Binaları kast ederek söylediği “Önce Danıştay’ı, ardından Anayasa Mahkemesini hamd olsun bitirdik. Şimdi de komşu olarak Yargıtay’ın bu muhteşem binasını bitirmiş olmanın bahtiyarlığı içerisindeyiz” sözleri de tek adam rejiminde yüksek yargı organlarının içine düşürüldükleri durumu çağrıştırmıştı.
Son olarak “Adaleti sağlamanın ölçüsü kanun, nizam, maşerî vicdandır. Vicdanınızla kararlarınız arasına hiç kimsenin, hiçbir gücün girmesine müsaade etmeyin” diye seslendiği hâkim ve savcılara verdiği mesaj ise “Saraydan yine ‘Talimat verdik, gereği yapılacak’ gibi sözler sâdır olduğu takdirde ne yaparlar acaba?” sorusunu zihinlere getirdi.

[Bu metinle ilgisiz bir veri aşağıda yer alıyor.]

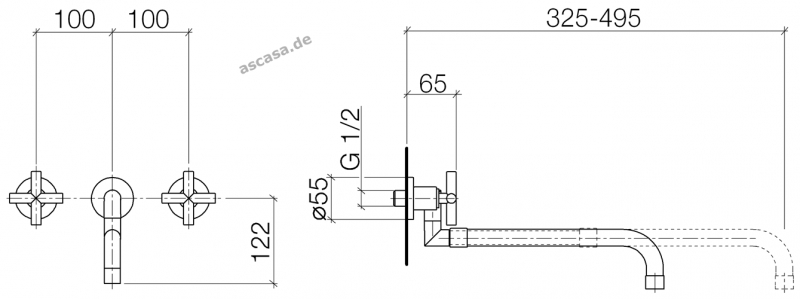 Hingucker sind die beiden Kreuzventile, die je nach Wunsch seitlich rechts oder links neben dem Auslauf an der Wand angebracht werden können. Bei diesem Küchenwasserhahn können Sie zwischen unterschiedlichen Einbauvarianten wählen. Entsprechendes Zubehör für den Unterputz bieten wir von Dornbracht an und muss separat bestellt werden.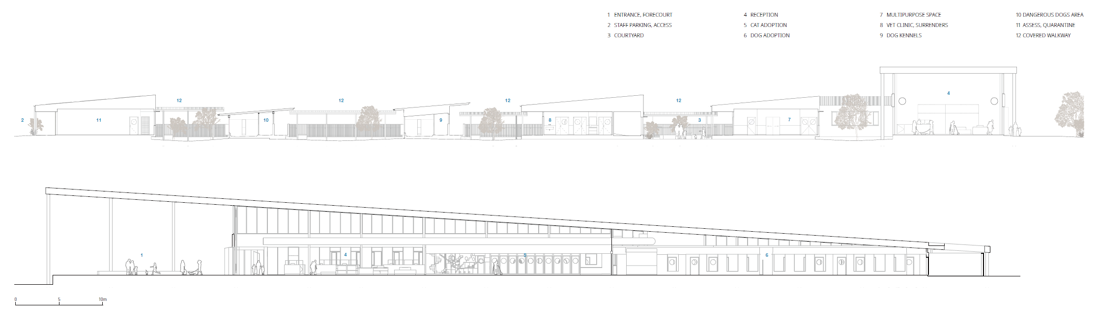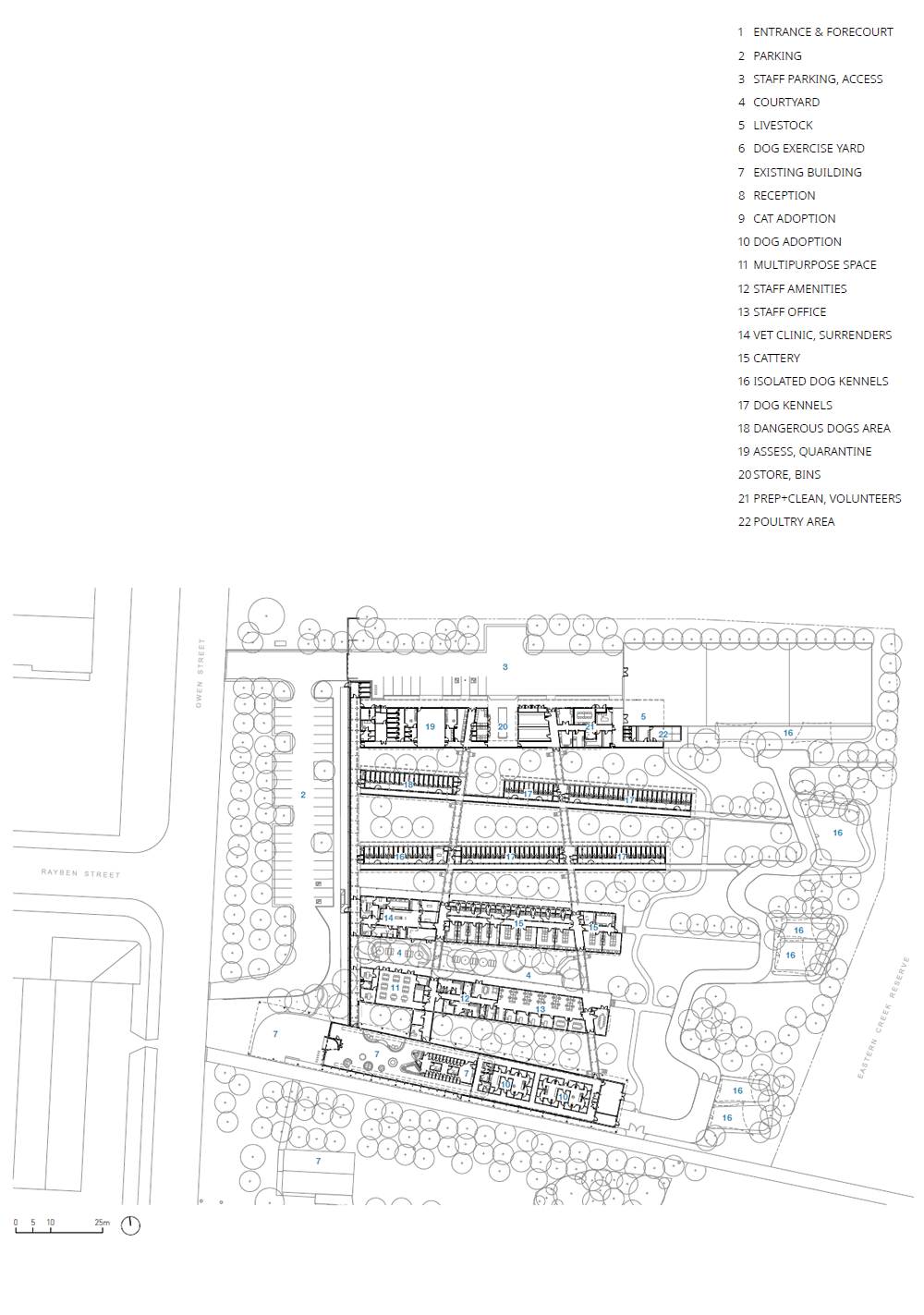 블랙타운 동물보호소는 웨스턴 시드니 파크랜즈 인근에 세워진 380마리의 강아지와 고양이를 수용할 수 있는 남반구 최대 규모의 동물보호소이다. 블랙타운 동물보호소는 총 6개의 건물로 구성되어 있는데, 시골에서 일반적으로 볼 수 있는 길쭉한 헛간이이 마치 길쭉하게 쭉 뻗은 여섯 개의 손가락처럼 배치되어 있다. 각 건물은 동물의 보호 효율을 높이기 위한 사육장, 수의시설, 광장 등 다양한 기능이 있다. 손가락처럼 긴 건물이 일정한 간격을 두고 배치된 형태는 동물들이 주변 풍경과 직접적으로 연결되어 자연 및 사람들과의 상호 작용을 높일 수 있도록 한다. 이 배치는 열적, 시각적, 청각적 편안함을 극대화하고, 고통을 최소화하고, 재활을 돕고, 직원들에게 편의를 제공한다. 자연과의 연관성을 극대화하는 것은 동물보호소 설계에서 가장 중요한 부분이었다. 건물들 사이마다 배치된 자연은 동물들과 그들과 함께 지내는 직원들, 방문객이 건축물에서 편안함을 느끼게 해주기 때문이다. 뿐만 아니라, 자연과 건축물이 함께 공존한다는 인식은 모두에게 환대의 인사를 보낸다.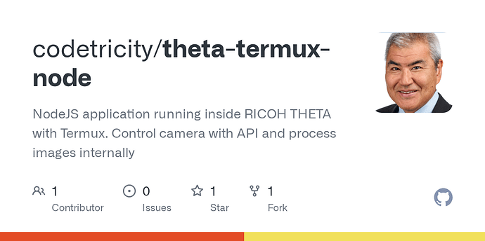 This project doesn’t start the node server automatically when the Termux plug-in starts. It’s a technology demonstration that requires you to start the node application with node index.js from the command line. You can access the Termux Linux command line inside the THETA with ssh or Vysor.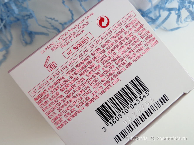 Свотч: Из полезностей в составе крема такие ингредиенты, как: экстракт миротамнуса — разглаживает первые морщины и поддерживает тонус кожи. Также это растение известно своей способностью сохранять влагу в коже и защищать ее от экстремальных температур и агрессивных воздействий внешней среды. Экстракт ворсянки обеспечивает увлажнение и сияние кожи, защищает и способствует восстановлению ее тонуса и энергии. Эксклюзивный защитный комплекс Clarins Anti-Pollution нового поколения.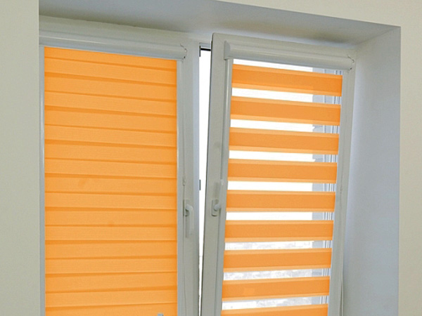 Шторы день-ночь или зебра - это разновидность рулонных штор с двойным слоем ткани. Ткань имеет горизонтальные полоски, одна из которых полупрозрачная, а другая плотная. Управление шторами может осуществляться как вручную, так и с помощью электропривода. Шторы типа зебра можно устанавливать на окно с помощью двухстороннего скотча, либо накидного кронштейна, что позволяет сохранить раму окна целой.
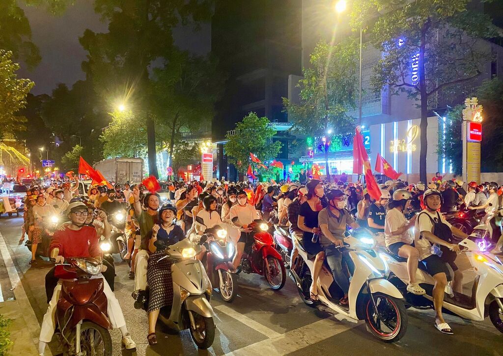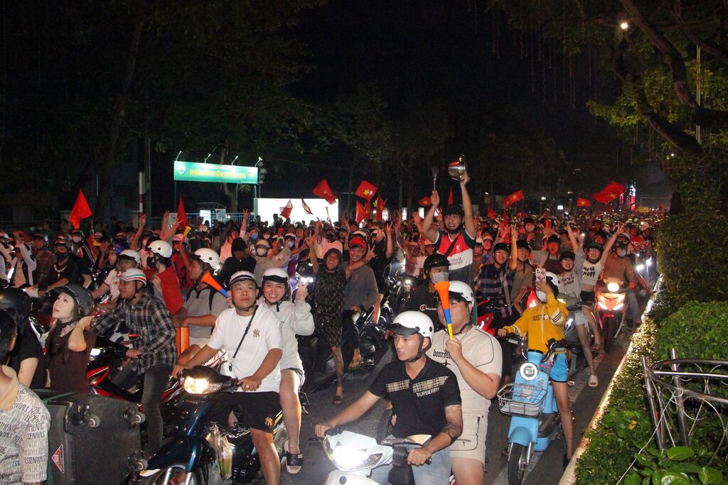 Dans la ville de Cân Tho, sitôt le coup de sifflet final donné, un grand nombre d'habitants des rues environnantes se sont dirigés vers les rues du 30 avril et du 3 février (arrondissement de Ninh Kiêu) pour rejoindre le centre-ville. Le long des deux côtés des rues, des personnes de tous âges frappaient des casseroles et des poêles, et soufflaient dans des trompettes bruyantes, accompagnant la foule qui célébrait dans les rues.

Keza hâkim ve savcılara “İnancı, konumu, kökeni ne olursa olsun tek bir vatandaşımızın dahi hakkının yenilmesine rıza göstermeyin” diye “talimat” verirken “Yargıya güveni en üst düzeye çıkarmak önceliğimiz” demesi, birçok kişiye “Bunu ‘terörist’ yaftası vurulanların mağdur ailelerine yardım edenlere operasyonlar düzenleyip onları da gözaltına alarak ve içeri tıkarak mı yapacaksınız?” dedirtti.
“Adaleti hâkim kılmak, demokrasi standartlarını yükseltmek için reform irademizi canlı tuttuk” sözü de ister istemez şunu sordurdu:
Hukuksuz OHAL uygulamaları ve KHK’larla milyonları mağdur ederek; bebek, anne, hasta ve yaşlıları zindanlarda tutarak; âlâyı vâlâ ile açıkladığınız İnsan Hakları Eylem Planı için 7 aydır hiçbir adım atmayarak mı?
Aynı konuşmadaki “Güya adaleti tesis etmek adına bir sağdan, bir soldan gençlerin darağacına gönderildiği dönemler yaşadık” sözü ise şu hazin gerçeği gündeme getirdi:
Şimdi de güya darbecilerle ve teröristlerle mücadele etmek adına, darbeyle de, terörle de hiçbir alâkası olmayan insanların zindanlarda süründürüldüğü bir dönemi yaşıyoruz.
Ve bütün bunlar, Rabbimizin Saff Sûresi ikinci ayetindeki ikazını yine derhatır ettiriyor: “Yapmadığınız şeyi niye söylüyorsunuz?”